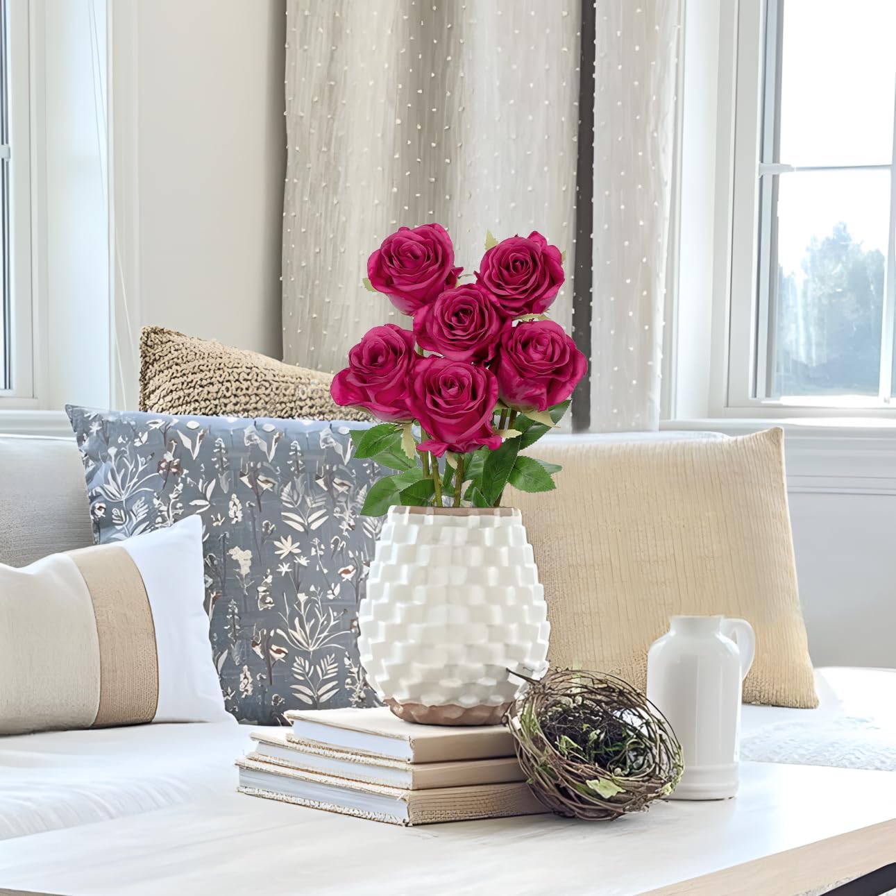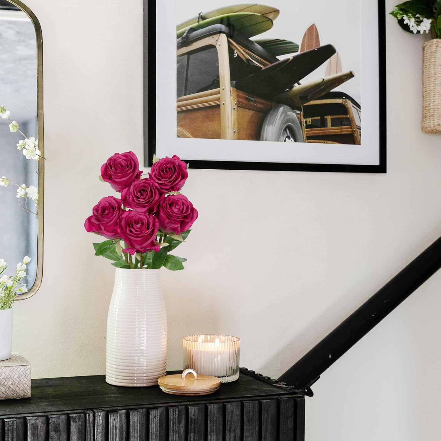 Briful Hot Pink Artificial Roses – 6PCS 18.9" Silk Rose Faux Flowers with Long Stems Realistic Fake Rose Bouquet for DIY Wedding Arrangements Table Vase Centerpieces Home Event Decor
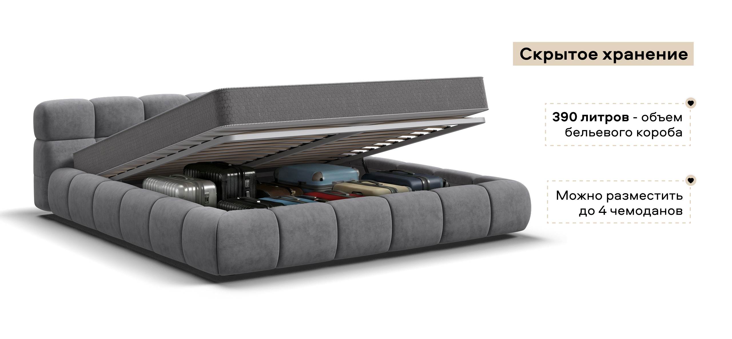 HideBox - отсек для хранения полезных вещей объемом 340 литров что ровняется примерно 4 чемоданам.
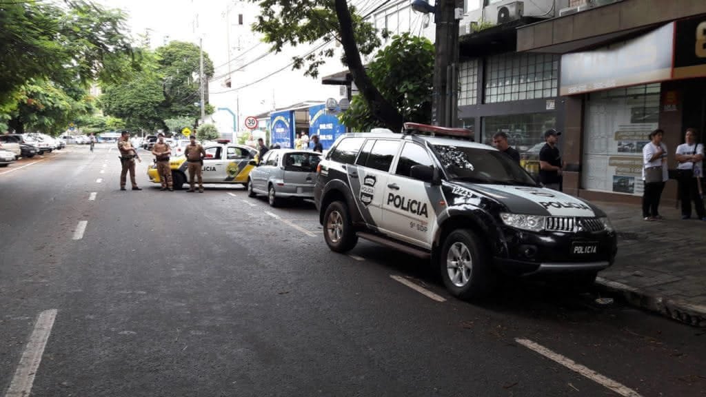 Policiais militares e civis acompanham a manifestação na frente do escritório político da família Barros. Os manifestantes invadiram a área de estacionamento.
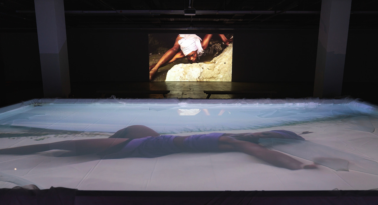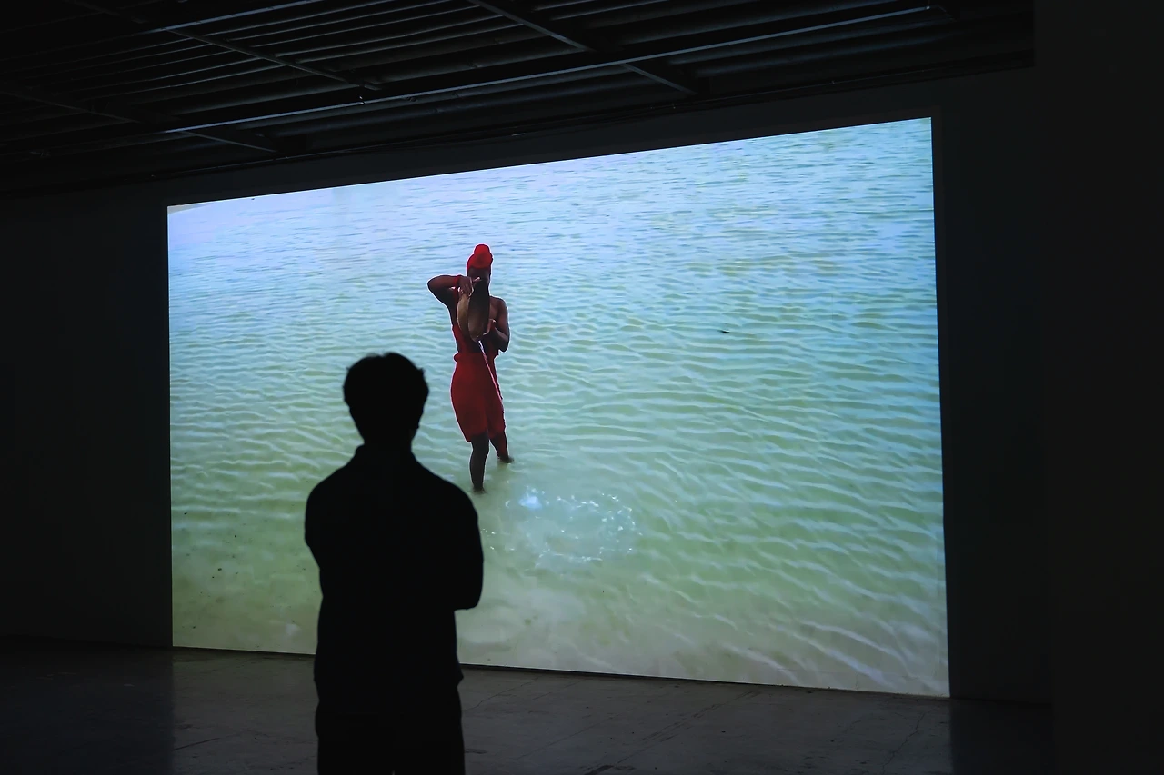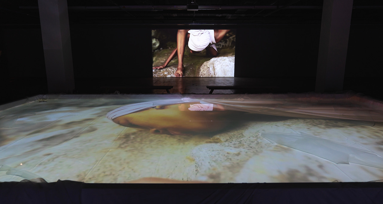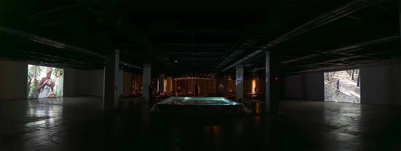 설치작품 속을 걷다 보면 어느덧 영상전시 작품이 나오는데 여기서 조금 많은 시간을 보냈던 것 같다. 양옆에서 나오는 영상과 그 가운데에 물을 받아(작은 풀장을 연상시킨다.) 천장에서 빔프로젝트를 이용해 물이 고인 면에 스크린을 쏘아 영상을 비추는 기법으로 표현된 작품이다. 그냥 별다른 이유 없이 바라보게 되었다. 나도 모르게 바라보고 느끼고 이해하려는 단계로 자연스럽게 넘어가게 되었다. 작가가 의도한 방식으로 이해하진 않았을 수 있지만 작품이 주는 어떤 힘에 이끌려서 나도 모르게 그렇게 받아들이고 있었다.

BRIEF ->
Pictures aside, write out verbatim every line from the first line of the material through the line holding "Policiais militares e".

EXERCISE RESPONSE ->
 Briful Hot Pink Artificial Roses – 6PCS 18.9" Silk Rose Faux Flowers with Long Stems Realistic Fake Rose Bouquet for DIY Wedding Arrangements Table Vase Centerpieces Home Event Decor
 HideBox - отсек для хранения полезных вещей объемом 340 литров что ровняется примерно 4 чемоданам.
 Policiais militares e civis acompanham a manifestação na frente do escritório político da família Barros. Os manifestantes invadiram a área de estacionamento.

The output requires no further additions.